Moderate Capitalisation: Access Bank’s FCC ratio (14.8% at end-1Q22) is lower than most Nigerian D-SIBs’, reflecting higher balance-sheet leverage. Pre-impairment operating profit is healthy, providing a sizeable buffer to absorb LICs without affecting capital. Group regulatory capital ratios have healthy buffers above impending Basel III requirements but Fitch expects the bank’s unconsolidated CET1 capital ratio to have a tight buffer over the 13% minimum requirement.
Strong Liquidity Coverage: Access Bank has a material reliance on term-deposit funding (43% of customer deposits at end-1Q22), resulting in a higher cost of funding than other D-SIBs’. Depositor concentration is moderate, with the 20-largest depositors representing 19% of customer deposits at end-2021. Liquidity coverage in both local and foreign currencies is strong, mitigating funding weakness.
No Support: Government support to commercial banks cannot be relied on given Nigeria’s weak ability to provide support, particularly in foreign currency.

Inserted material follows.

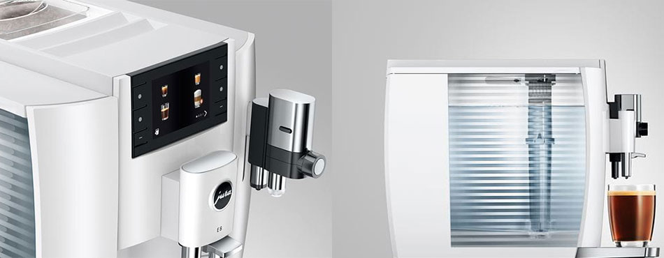 Là où la machine à café Jura E6 proposait 3 niveaux de réglage de la mouture, la Jura E8 en propose 7. L’interface se fait plus grande et plus ergonomique, mixant écran tactile 3,5’’ et 6 touches physiques. On appréciera également le nettoyage One-Touch du système de lait, le contrôle du bac d’égouttage ou encore l’éclairage de tasse, une petite touche luxueuse et très esthétique.
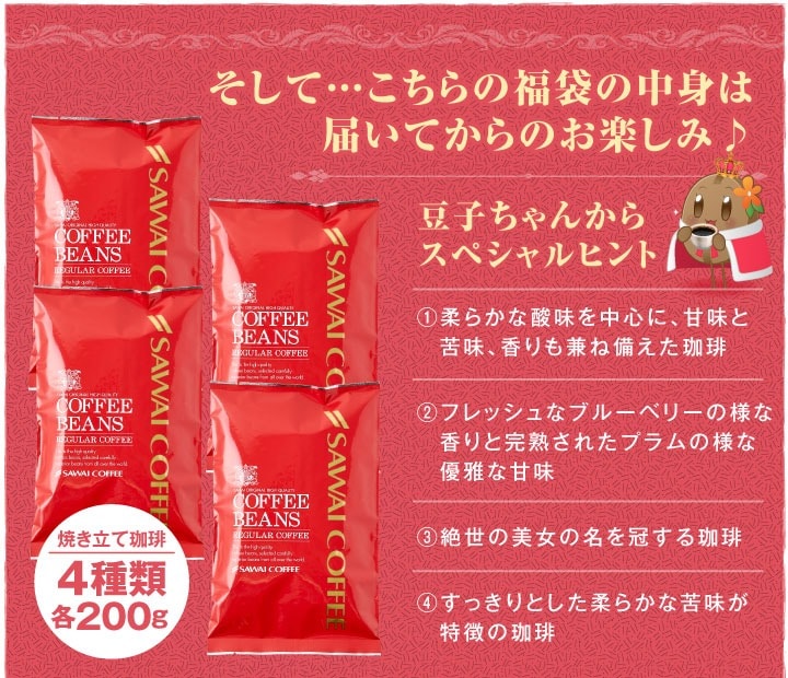 | 商品名 | 中身は届いてからのお楽しみ♪珈琲の女王80杯分福袋 |

The GSR is therefore ‘no support’, reflecting our view that senior creditors cannot rely on receiving full and timely extraordinary support.
Rating Sensitivities
Factors that could, individually or collectively, lead to negative rating action/downgrade:
A sovereign downgrade would result in a downgrade of the Long-Term IDR given that Access Bank does not meet Fitch’s criteria to be rated above the sovereign.
A combination of an increase in the impaired loans ratio significantly above 10% and aggressive growth at home or abroad that results in very thin buffers over regulatory capital requirements or a sharp decline in the FCC ratio without clear prospects to restore capital would pressure the VR.
Factors that could, individually or collectively, lead to positive rating action/upgrade:
An upgrade of the Long-Term IDR would require a sovereign upgrade and strengthened capitalisation.
Other Debt and Issuer Ratings: Key Rating Drivers
Access Bank’s senior unsecured debt is rated in line with its IDRs as the likelihood of default on these obligations reflects that of the bank. The Recovery Rating is ‘RR4’, reflecting average recovery prospects.
Access Bank’s subordinated debt is rated two notches below its National Long-Term Rating for loss severity, reflecting poor recovery prospects.
Other Debt and Issuer Ratings: Rating Sensitivities
Factors that could, individually or collectively, lead to negative rating action/downgrade:
Access Bank’s senior unsecured debt would be downgraded if the bank’s Long-Term IDR is downgraded.
Access Bank’s subordinated debt would be downgraded if the bank’s National Long-Term Rating is downgraded.
Factors that could, individually or collectively, lead to positive rating action/upgrade:
Access Bank’s senior unsecured debt would be upgraded if the bank’s Long-Term IDR is upgraded.
Access Bank’s subordinated debt would be upgraded if the bank’s National Long-Term Rating is upgraded.
Best/Worst Case Rating Scenario
International scale credit ratings of Financial Institutions and Covered Bond issuers have a best-case rating upgrade scenario (defined as the 99th percentile of rating transitions, measured in a positive direction) of three notches over a three-year rating horizon; and a worst-case rating downgrade scenario (defined as the 99th percentile of rating transitions, measured in a negative direction) of four notches over three years. The complete span of best- and worst-case scenario credit ratings for all rating categories ranges from ‘AAA’ to ‘D’. Best- and worst-case scenario credit ratings are based on historical performance.
ESG Considerations
Unless otherwise disclosed in this section, the highest level of ESG credit relevance is a score of ‘3’. This means ESG issues are credit-neutral or have only a minimal credit impact on the entity, either due to their nature or the way in which they are being managed by the entity.